At the same time, Squarespace’s Network Engineering team was modernizing its networking stack, switching from a traditional layer-two network to a layer-three spine-and-leaf network. “It mapped beautifully with what we wanted to do with Kubernetes,” says Lynch. “It gives us the ability to have our servers communicate directly with the top-of-rack switches. We use Calico for CNI networking for Kubernetes, so we can announce all these individual Kubernetes pod IP addresses and have them integrate seamlessly with our other services that are still provisioned in the VMs.”
Solution
Within a couple months, they had a stable cluster for their internal use, and began rolling out Kubernetes for production. They also added Zipkin and CNCF projects Prometheus and fluentd to their cloud native stack. “We switched to Kubernetes, a new world, and we revamped all our other tooling as well,” says Lynch. “It allowed us to streamline our process, so we can now easily create an entire microservice project from templates, generate the code and deployment pipeline for that, generate the Docker file, and then immediately just ship a workable, deployable project to Kubernetes.” Deployments across Dev/QA/Stage/Prod were also “simplified drastically,” Lynch adds. “Now there is little configuration variation.”

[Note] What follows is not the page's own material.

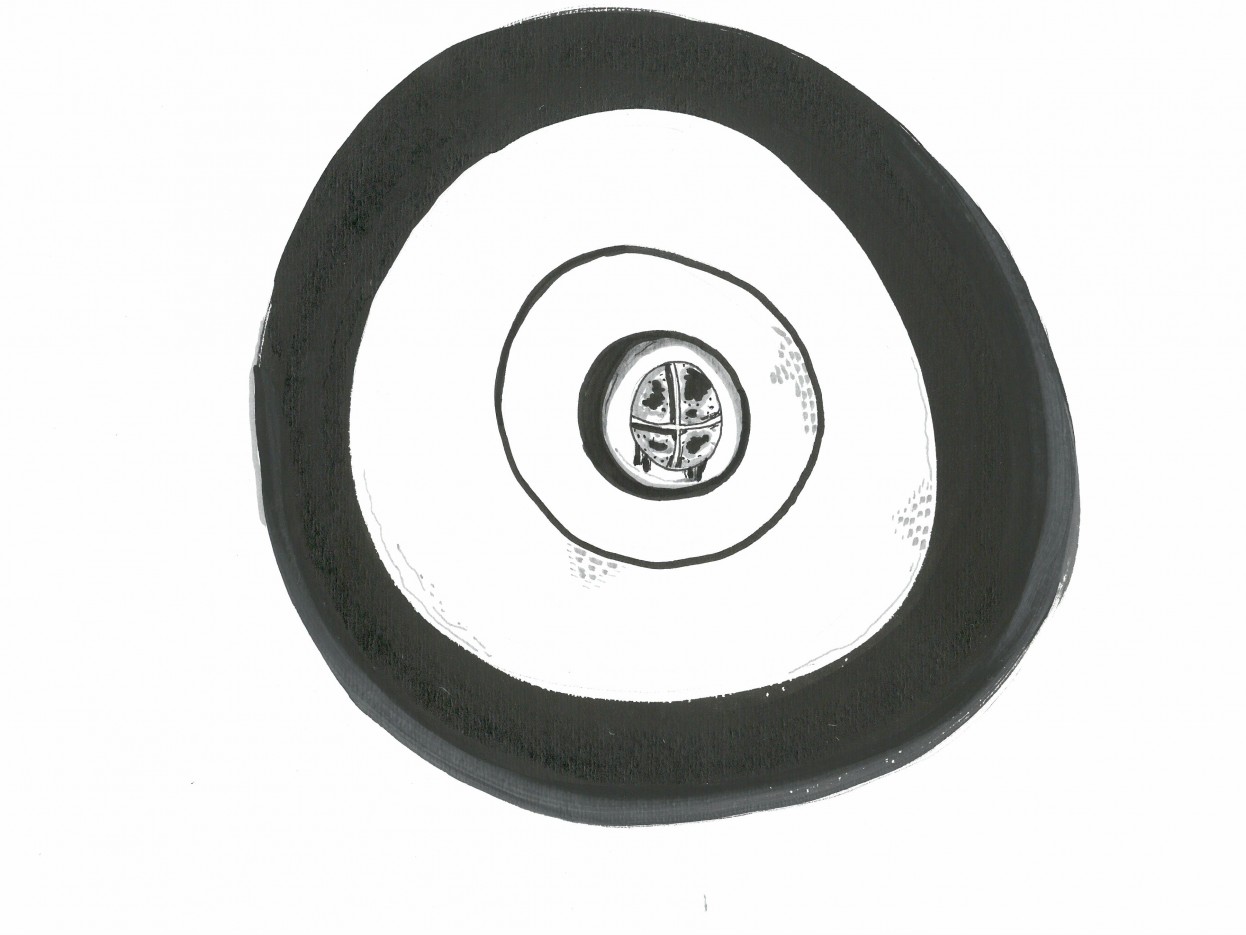 Draw a circle. Centered within it, draw another circle about half its size. And again, draw a third circle half that. The third circle is a hole, a view into the inside of a glass sphere. The sphere’s framework is thin metal and resembles the lines of a globe: latitude and longitude. The sphere sits off the ground on six legs that connect it to a cement donut of equal diameter below. The entire structure is dappled in the light that passes through the oak trees above it. Some of those trees’ leaves rest on the sphere’s surface, where dust and dirt cloud the glass inside and out.

And the whole process takes only five minutes, an almost 85% reduction in time compared to their VM deployment. “From end to end that probably took half an hour, and that’s not accounting for the fact that an infrastructure engineer would be responsible for doing that, so there’s some business delay in there as well.”
Impact
With faster deployments, “productivity time is the big cost saver,” says Lynch. “We had a team that was implementing a new file storage service, and they just started integrating that with our storage back end without our involvement”—which wouldn’t have been possible before Kubernetes. He adds: “When we started the Kubernetes project, we had probably a dozen microservices. Today there are twice that in the pipeline being actively worked on.”
There’s also been a positive impact on the application’s resilience. “When we’re deploying VMs, we have to build tooling to ensure that a service is spread across racks appropriately and can withstand failure,” he says. “Kubernetes just does it. If a node goes down, it’s rescheduled immediately and there’s no performance impact.”
Another big benefit is autoscaling. “It wasn’t really possible with the way we’ve been using VMware,” says Lynch, “but now we can just add the appropriate autoscaling features via Kubernetes directly, and boom, it’s scaling up as demand increases. And it worked out of the box.”
For others starting out with Kubernetes, Lynch says his best advice is to “fail fast”: “Once you’ve planned things out, just execute. Kubernetes has been really great for trying something out quickly and seeing if it works or not.”